** Information shown follows **

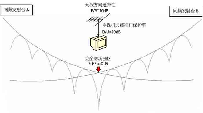 在Ed=Eu的完全等场强区:接收天线方向选择性提供D/U=10dB的同频保护率
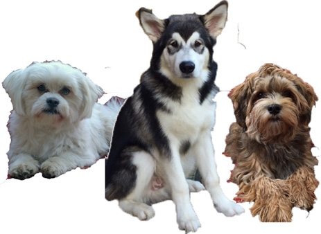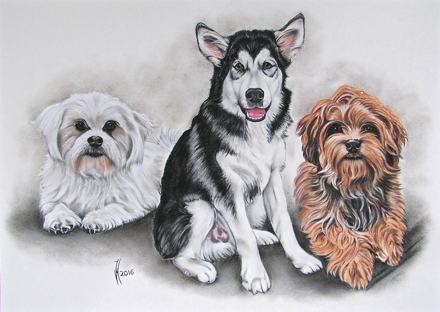 drawing male Havanesians "Emil" and "Pepe" and male Husky "Barry" on
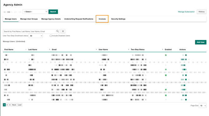 2. Click on the invoices tab

** End of Information shown **

_Task directions_.
Would you restate the listing word for word without its pictures?

_Exercise output_.
 在Ed=Eu的完全等场强区:接收天线方向选择性提供D/U=10dB的同频保护率
 drawing male Havanesians "Emil" and "Pepe" and male Husky "Barry" on
 2. Click on the invoices tab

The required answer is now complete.